Of the many different ideas that ended up being woven together into the MPS prototype, there may be a dropped thread, something that might be research worth pursuing. It is the fact that complete indicator variograms and cross-variograms provide extremely rich and detailed information about an image, so rich and detailed that they can, in fact, be used to replicate the original image. While replication of a training image should never be a goal, it’s intriguing to think about what we might be able to do if we matched a small sub-set of the complete look-up table of all indicator variograms. We know that we get a “perfect” realization if we use 100% of the look-up table. Would the realization look “fairly good” or “completely ugly” if we decimated the complete look-up table and used only 10% of it, or only 1%? My own tests with the annealing version of this procedure, and the example in Appendix A, indicate that the indicator cross-variograms are sometimes not necessary, i.e. that you can achieve nearly perfect reproduction of the original image without them. Dropping all the indicator cross-covariances would considerably reduce the size of the look-up table, or any subset of it. Something worth trying?

My final reflection is on the beneficial tug-of-war between theory and practice. Throughout my career as a consultant, and tourist in academia, I have enjoyed discovering that the path to a solution sometimes starts when you enter the maze from the theory side, and sometimes starts from an entrance on the practical side.
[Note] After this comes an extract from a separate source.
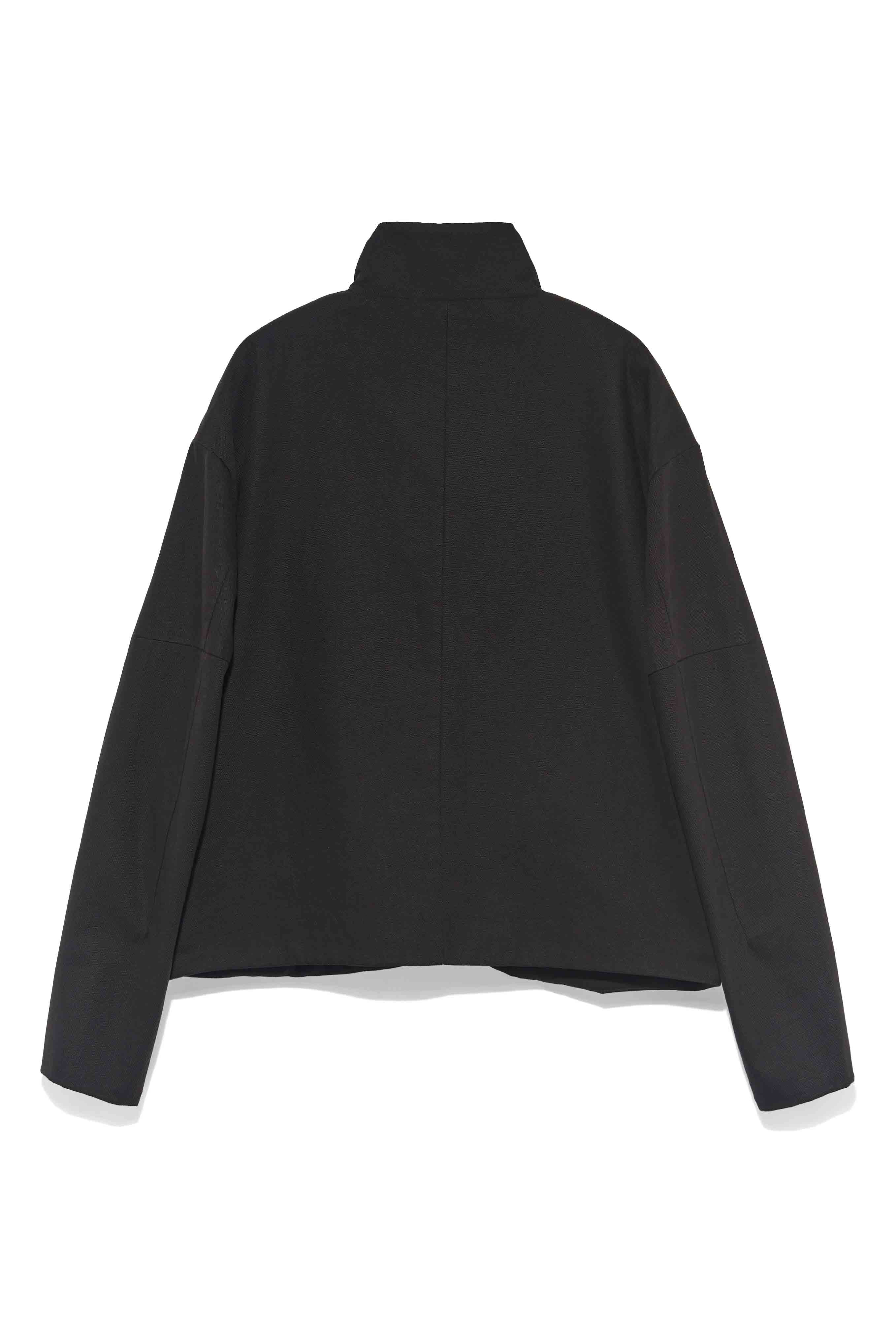 Long sleeves. Two side pockets. Curved design at bottom. Boxy fit. Overlapped. High collar. Double zip closure at front.

When theory leads you to the point of a set of equations, that need not be the end because there may be something useful to be learned in attempting to implement those equations in practice, in writing a piece of computer code that produces an answer in a reasonable amount of time. And, coming from the other end, having developed an algorithm that produces an intriguing result that seems “good” or “right”, it’s useful to try to work out why it works. Even if the answer came heuristically, the theory that explains why it’s an approximately correct answer might reveal a generalization that makes it possible to improve the answer.